Source records:
########################################
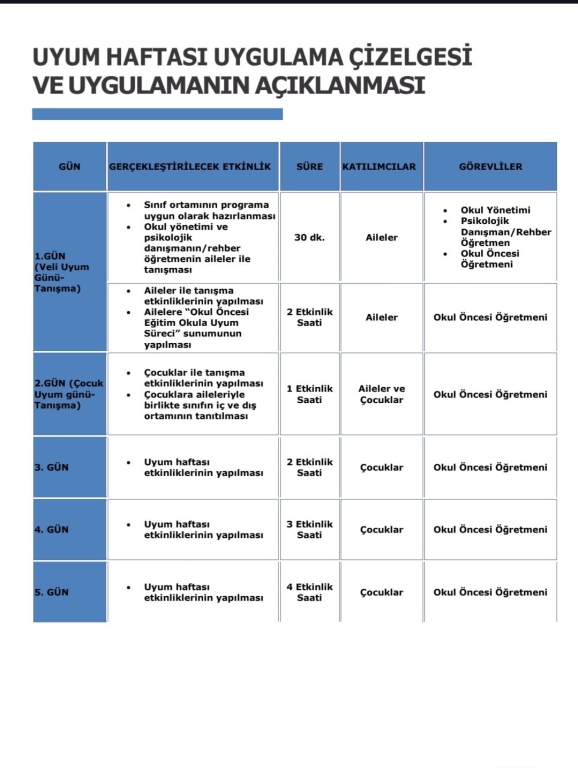 Anasınıflarımız ve 1.sınıflarımız için bakanlığımız tarafından yayınlanan uyum haftası programı aşağıdaki gibidir. Bilgilerinize sunarız.
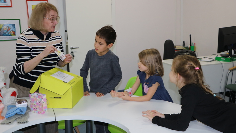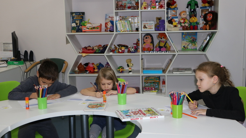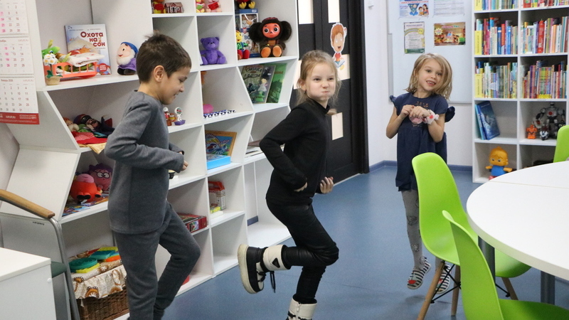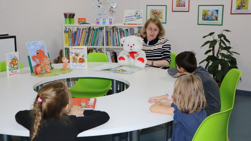 Ребят приветствовал белый мишка, который сказал им «самые прекрасные слова на свете», создав этим добрый настрой. В тёплой атмосфере зала друзья-читатели слушали отрывки из сказок Сергея Козлова «Трям! Здравствуйте!» и Григория Остера «Привет мартышке».
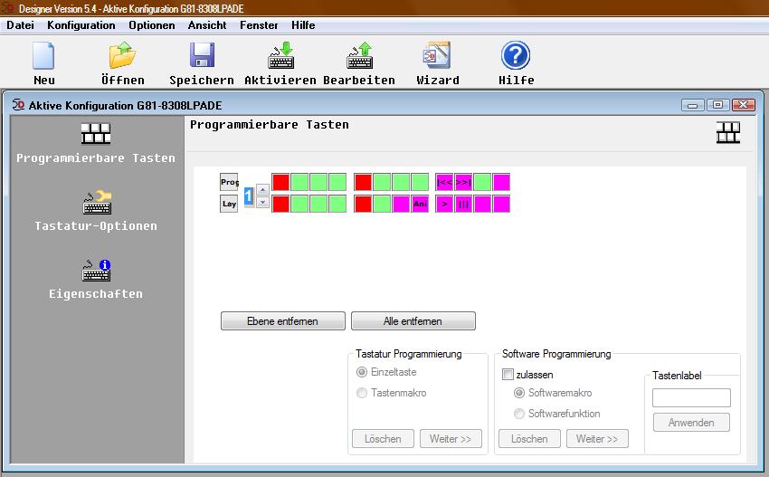 Hierzu bedient man sich zweier Zusatztasten: Einer Layer-Taste, mit der man in Verbindung der F-Tasten eine der zehn Ebenen direkt anwählen kann und die Prog-Taste.
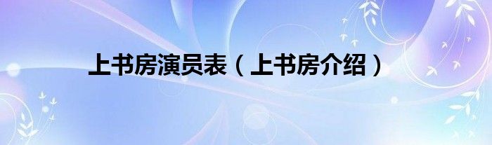 大家好,伊人來為大家解答以上問題。上書房演員表,上書房介紹很多人還不知道,現(xiàn)在讓我們一起來看看吧!
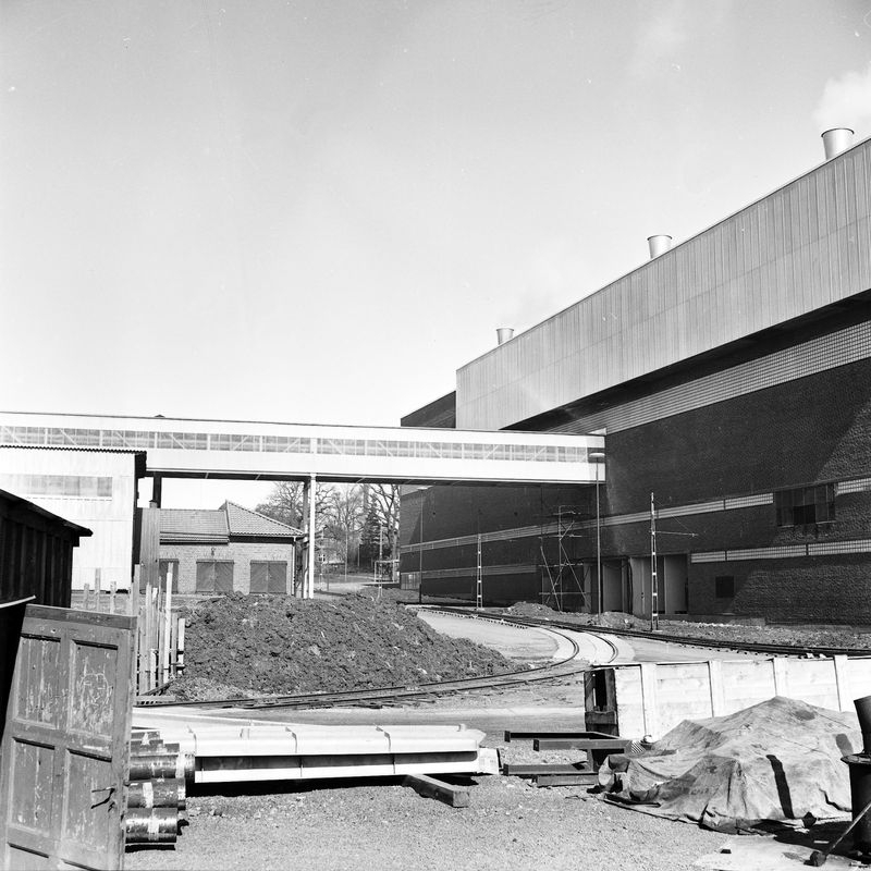 Wargöns AB. Byggnation av PM 5 1959-60. Foto och påförd text av dåvarande ritkontorschefen Ragnar Söderberg.
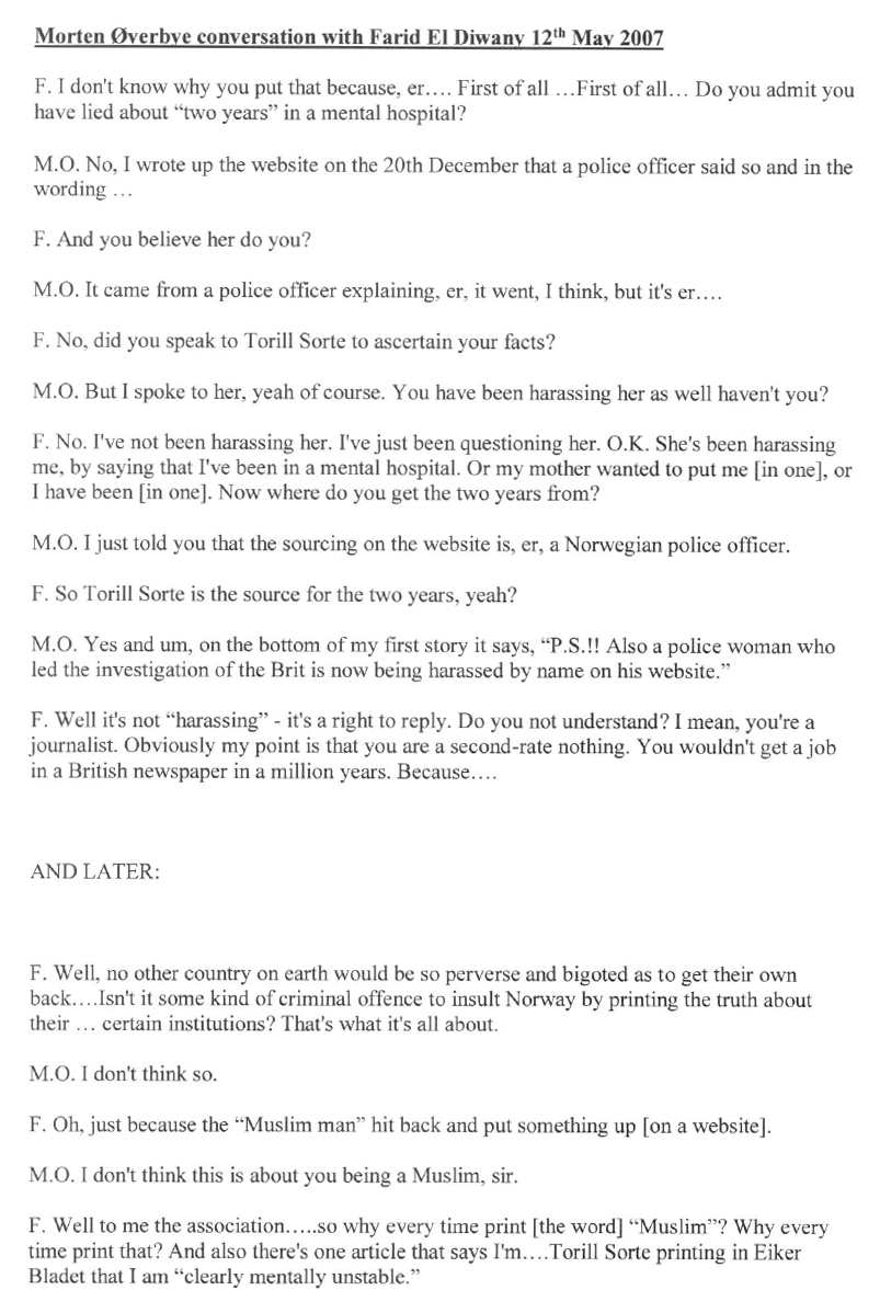 6. Your client Torill Sorte was the catalyst for those vile emails read out in court in 2011. The emails came on the same consecutive days that the 2005 Dagbladet articles on my two years 'incarceration' was published. The senders of two or three of the emails indicated that they believed Torill Sorte's claim that my mother had me sectioned for two years. Does David Hirst still refuse to condemn the emails that the British police declared a hate crime and sent to Interpol?
########################################
What this task involves: Verbatim copy with pictures excluded: write out the records above in full.

Result for this exercise:
 Anasınıflarımız ve 1.sınıflarımız için bakanlığımız tarafından yayınlanan uyum haftası programı aşağıdaki gibidir. Bilgilerinize sunarız.
 Ребят приветствовал белый мишка, который сказал им «самые прекрасные слова на свете», создав этим добрый настрой. В тёплой атмосфере зала друзья-читатели слушали отрывки из сказок Сергея Козлова «Трям! Здравствуйте!» и Григория Остера «Привет мартышке».
 Hierzu bedient man sich zweier Zusatztasten: Einer Layer-Taste, mit der man in Verbindung der F-Tasten eine der zehn Ebenen direkt anwählen kann und die Prog-Taste.
 大家好,伊人來為大家解答以上問題。上書房演員表,上書房介紹很多人還不知道,現(xiàn)在讓我們一起來看看吧!
 Wargöns AB. Byggnation av PM 5 1959-60. Foto och påförd text av dåvarande ritkontorschefen Ragnar Söderberg.
 6. Your client Torill Sorte was the catalyst for those vile emails read out in court in 2011. The emails came on the same consecutive days that the 2005 Dagbladet articles on my two years 'incarceration' was published. The senders of two or three of the emails indicated that they believed Torill Sorte's claim that my mother had me sectioned for two years. Does David Hirst still refuse to condemn the emails that the British police declared a hate crime and sent to Interpol?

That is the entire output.